What needs to be done:
At the line with "すくすくと成長しますように！！", start transcribing; stop after the last line of the data below. Keep it exact and leave pictures out.

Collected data
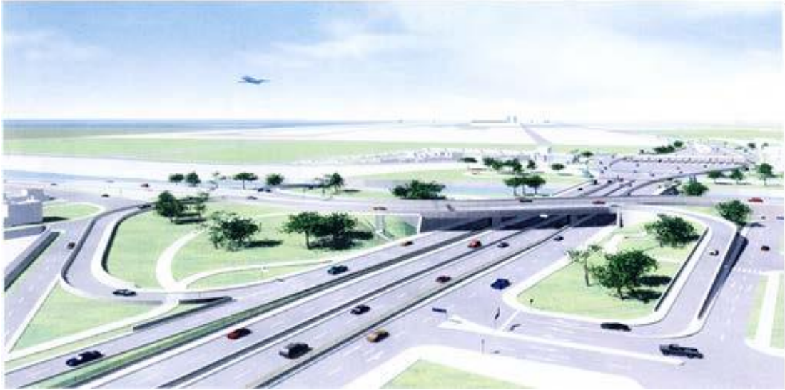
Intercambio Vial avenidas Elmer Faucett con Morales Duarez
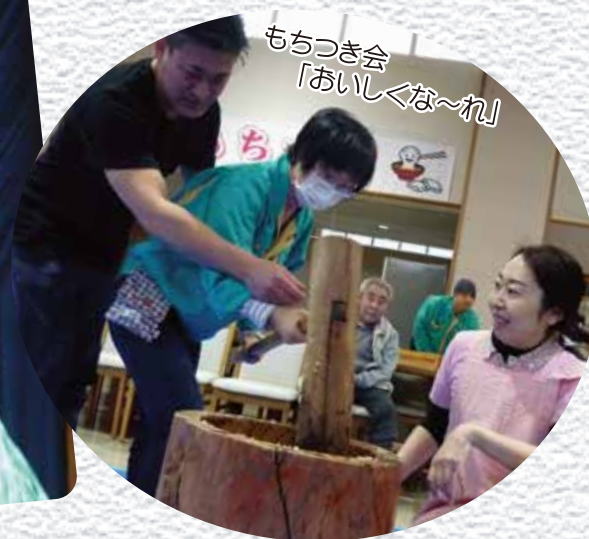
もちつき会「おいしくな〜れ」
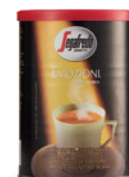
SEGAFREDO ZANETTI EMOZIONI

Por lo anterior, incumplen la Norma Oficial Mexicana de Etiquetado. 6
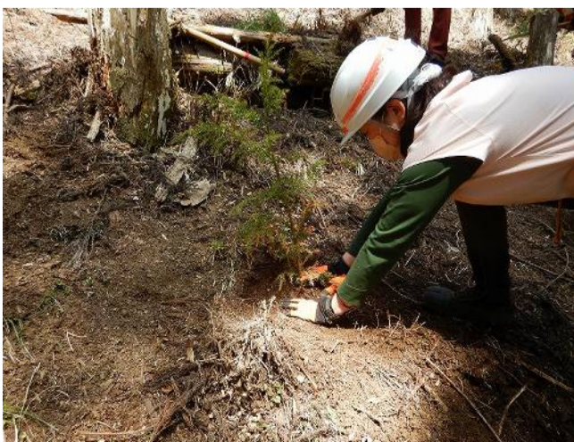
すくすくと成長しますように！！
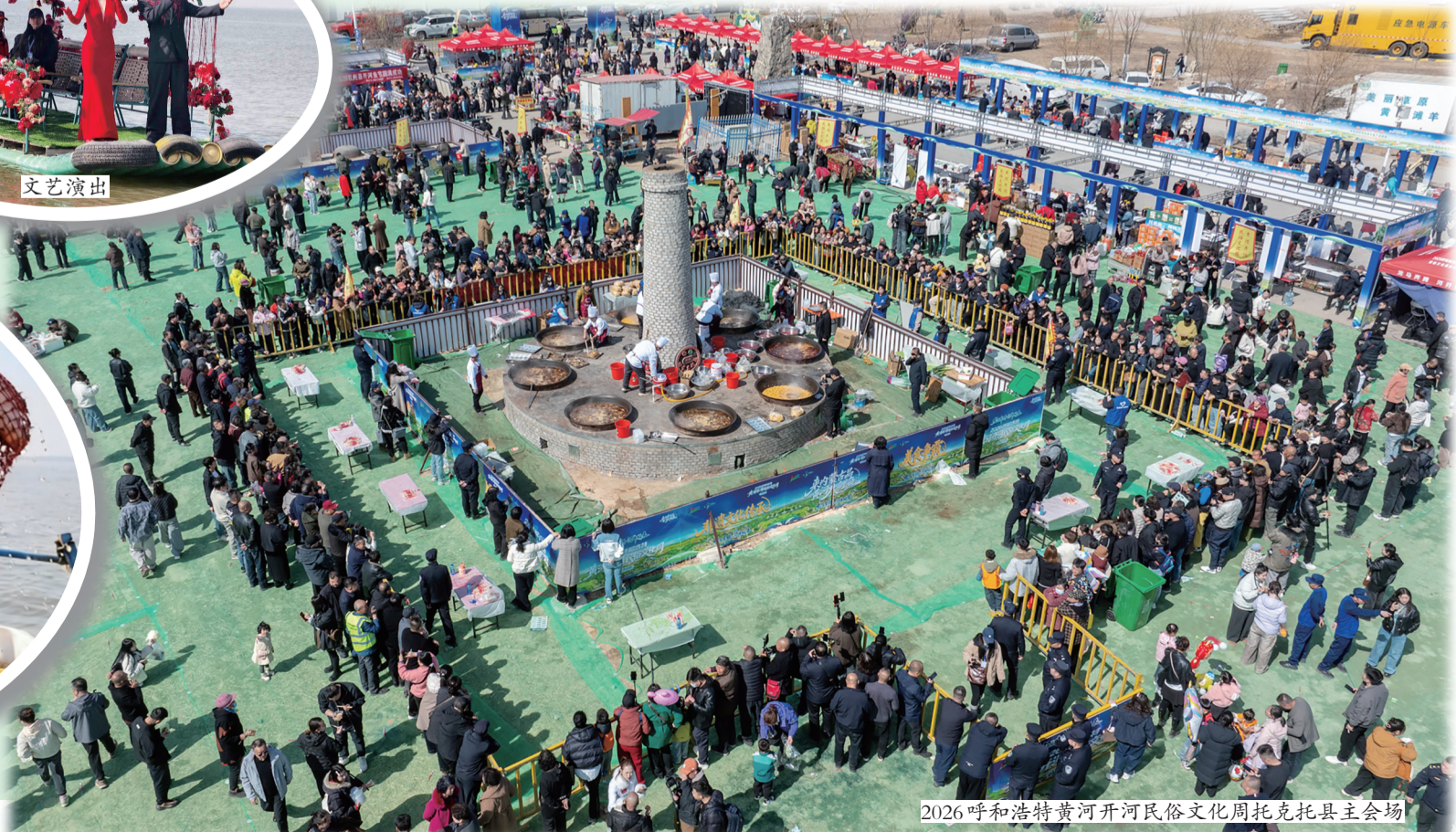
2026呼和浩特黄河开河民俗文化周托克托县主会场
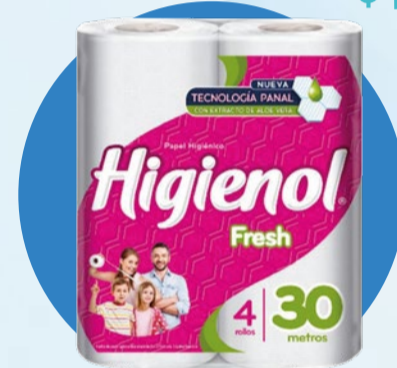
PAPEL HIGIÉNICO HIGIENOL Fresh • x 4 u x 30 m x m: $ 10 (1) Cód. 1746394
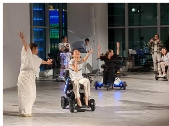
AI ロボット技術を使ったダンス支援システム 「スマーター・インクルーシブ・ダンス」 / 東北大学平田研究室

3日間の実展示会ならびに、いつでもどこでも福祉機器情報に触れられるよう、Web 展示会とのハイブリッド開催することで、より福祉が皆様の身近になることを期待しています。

Result:
すくすくと成長しますように！！
2026呼和浩特黄河开河民俗文化周托克托县主会场
PAPEL HIGIÉNICO HIGIENOL Fresh • x 4 u x 30 m x m: $ 10 (1) Cód. 1746394
AI ロボット技術を使ったダンス支援システム 「スマーター・インクルーシブ・ダンス」 / 東北大学平田研究室

3日間の実展示会ならびに、いつでもどこでも福祉機器情報に触れられるよう、Web 展示会とのハイブリッド開催することで、より福祉が皆様の身近になることを期待しています。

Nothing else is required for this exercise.